WHAT YOU WILL DO → Give each line of the records again exactly and omit every picture.

Stored items from a collection →
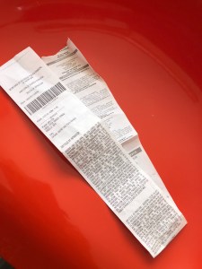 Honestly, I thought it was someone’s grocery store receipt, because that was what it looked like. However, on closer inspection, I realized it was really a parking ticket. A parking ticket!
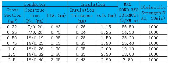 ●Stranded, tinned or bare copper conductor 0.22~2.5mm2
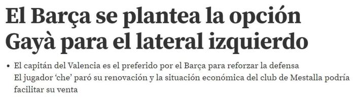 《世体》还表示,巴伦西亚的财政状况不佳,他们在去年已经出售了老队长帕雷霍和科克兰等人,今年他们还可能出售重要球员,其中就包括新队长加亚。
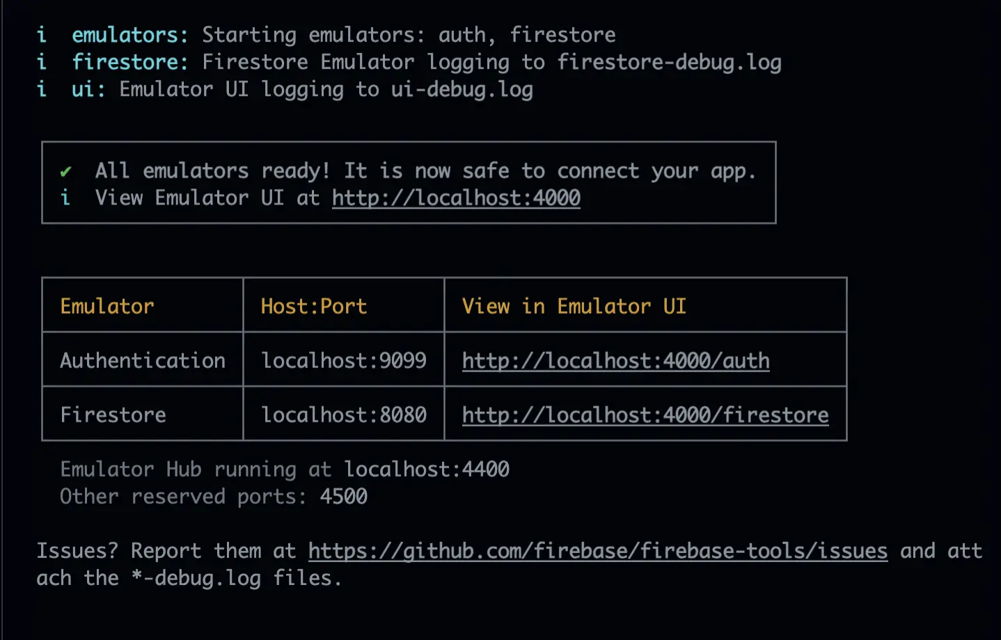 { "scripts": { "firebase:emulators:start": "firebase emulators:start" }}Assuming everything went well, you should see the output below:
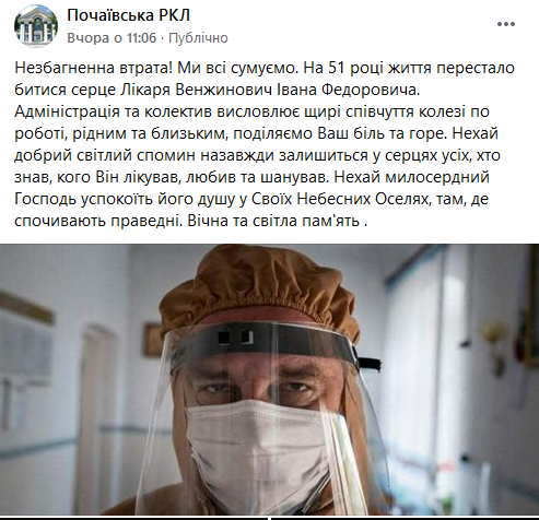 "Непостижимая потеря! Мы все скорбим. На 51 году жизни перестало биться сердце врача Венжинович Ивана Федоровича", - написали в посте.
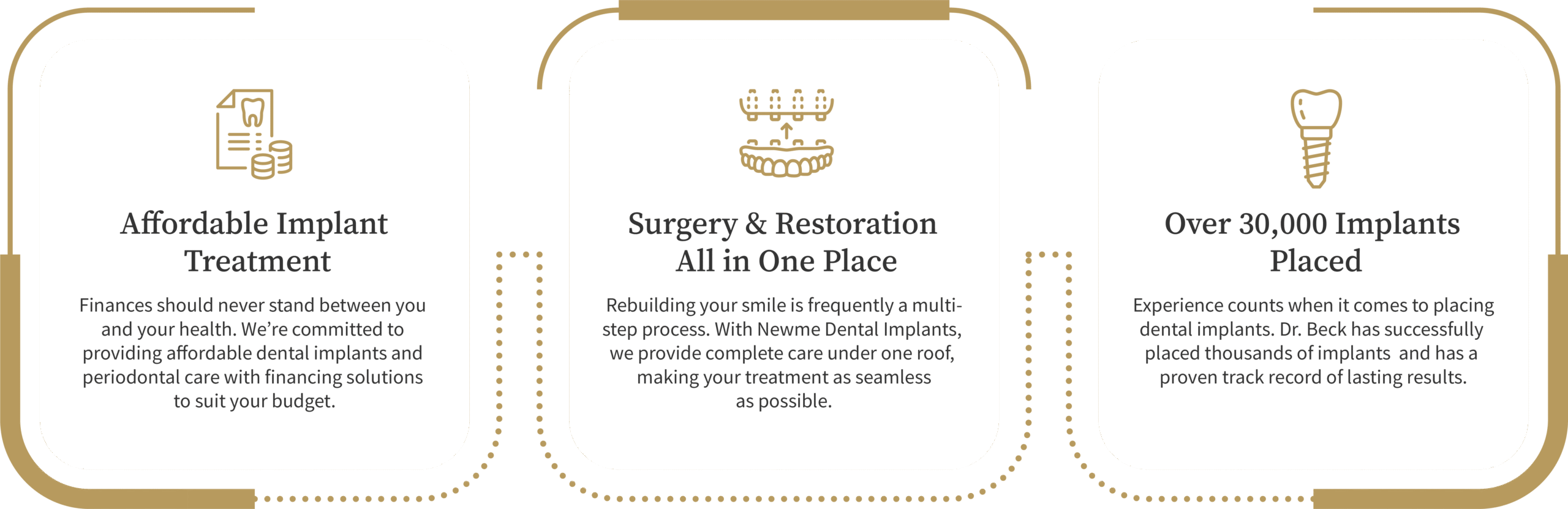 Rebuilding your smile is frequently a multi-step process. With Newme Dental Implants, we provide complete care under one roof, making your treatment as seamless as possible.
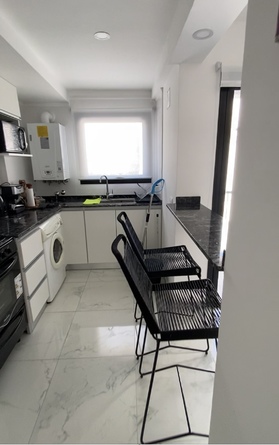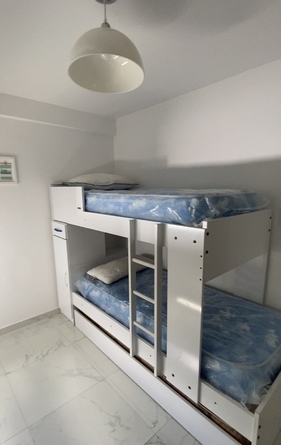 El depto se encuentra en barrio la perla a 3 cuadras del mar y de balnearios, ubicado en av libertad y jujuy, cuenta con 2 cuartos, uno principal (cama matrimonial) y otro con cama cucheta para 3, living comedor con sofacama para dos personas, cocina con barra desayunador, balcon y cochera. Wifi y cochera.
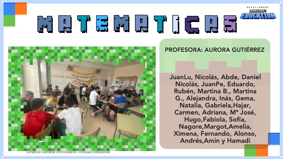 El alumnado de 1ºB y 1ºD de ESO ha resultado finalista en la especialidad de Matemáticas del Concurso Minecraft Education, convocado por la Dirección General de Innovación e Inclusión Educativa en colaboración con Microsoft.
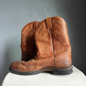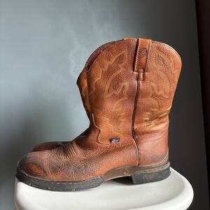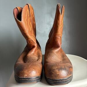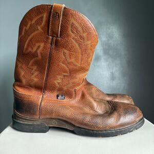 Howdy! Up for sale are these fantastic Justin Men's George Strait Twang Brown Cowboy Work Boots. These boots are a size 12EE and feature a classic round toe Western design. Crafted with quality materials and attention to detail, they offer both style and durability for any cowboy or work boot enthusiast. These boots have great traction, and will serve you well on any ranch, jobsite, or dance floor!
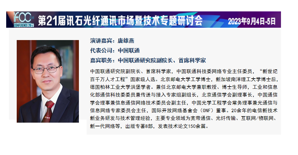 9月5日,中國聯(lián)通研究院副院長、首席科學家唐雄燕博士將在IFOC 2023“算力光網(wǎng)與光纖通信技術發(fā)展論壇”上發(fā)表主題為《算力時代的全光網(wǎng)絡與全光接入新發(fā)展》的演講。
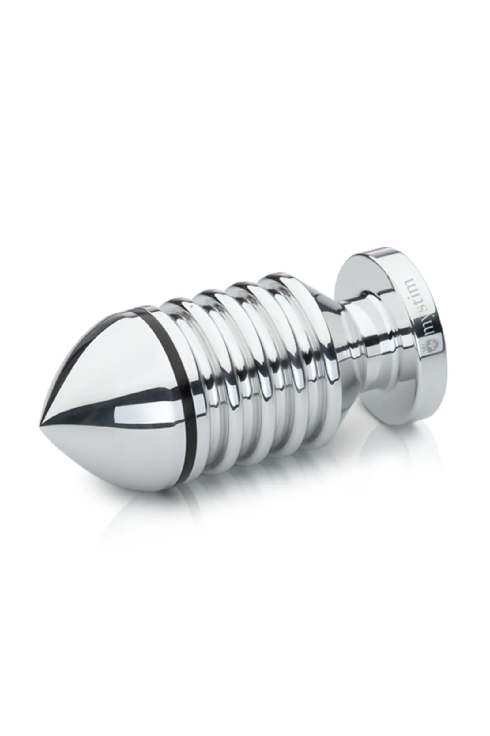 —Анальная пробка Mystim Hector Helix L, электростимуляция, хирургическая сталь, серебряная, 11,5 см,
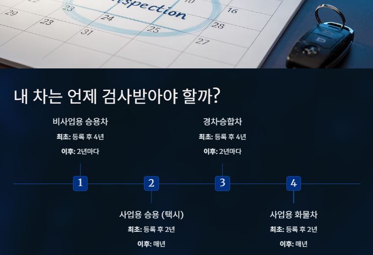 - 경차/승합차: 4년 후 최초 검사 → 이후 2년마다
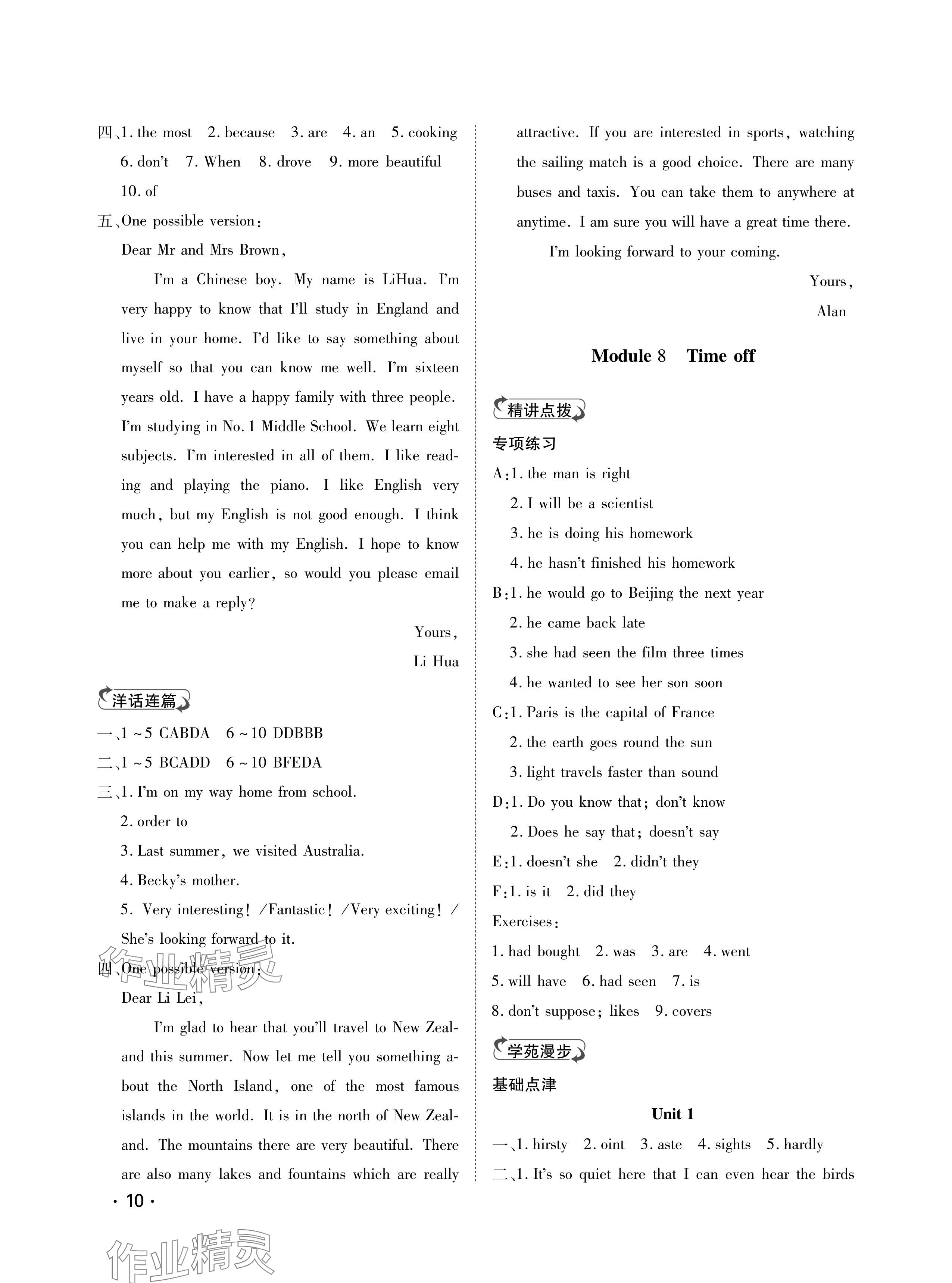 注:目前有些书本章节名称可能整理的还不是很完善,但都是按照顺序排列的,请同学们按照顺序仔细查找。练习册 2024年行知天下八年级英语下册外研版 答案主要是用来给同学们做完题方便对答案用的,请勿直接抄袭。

REPLY →
 Honestly, I thought it was someone’s grocery store receipt, because that was what it looked like. However, on closer inspection, I realized it was really a parking ticket. A parking ticket!
 ●Stranded, tinned or bare copper conductor 0.22~2.5mm2
 《世体》还表示,巴伦西亚的财政状况不佳,他们在去年已经出售了老队长帕雷霍和科克兰等人,今年他们还可能出售重要球员,其中就包括新队长加亚。
 { "scripts": { "firebase:emulators:start": "firebase emulators:start" }}Assuming everything went well, you should see the output below:
 "Непостижимая потеря! Мы все скорбим. На 51 году жизни перестало биться сердце врача Венжинович Ивана Федоровича", - написали в посте.
 Rebuilding your smile is frequently a multi-step process. With Newme Dental Implants, we provide complete care under one roof, making your treatment as seamless as possible.
 El depto se encuentra en barrio la perla a 3 cuadras del mar y de balnearios, ubicado en av libertad y jujuy, cuenta con 2 cuartos, uno principal (cama matrimonial) y otro con cama cucheta para 3, living comedor con sofacama para dos personas, cocina con barra desayunador, balcon y cochera. Wifi y cochera.
 El alumnado de 1ºB y 1ºD de ESO ha resultado finalista en la especialidad de Matemáticas del Concurso Minecraft Education, convocado por la Dirección General de Innovación e Inclusión Educativa en colaboración con Microsoft.
 Howdy! Up for sale are these fantastic Justin Men's George Strait Twang Brown Cowboy Work Boots. These boots are a size 12EE and feature a classic round toe Western design. Crafted with quality materials and attention to detail, they offer both style and durability for any cowboy or work boot enthusiast. These boots have great traction, and will serve you well on any ranch, jobsite, or dance floor!
 9月5日,中國聯(lián)通研究院副院長、首席科學家唐雄燕博士將在IFOC 2023“算力光網(wǎng)與光纖通信技術發(fā)展論壇”上發(fā)表主題為《算力時代的全光網(wǎng)絡與全光接入新發(fā)展》的演講。
 —Анальная пробка Mystim Hector Helix L, электростимуляция, хирургическая сталь, серебряная, 11,5 см,
 - 경차/승합차: 4년 후 최초 검사 → 이후 2년마다
 注:目前有些书本章节名称可能整理的还不是很完善,但都是按照顺序排列的,请同学们按照顺序仔细查找。练习册 2024年行知天下八年级英语下册外研版 答案主要是用来给同学们做完题方便对答案用的,请勿直接抄袭。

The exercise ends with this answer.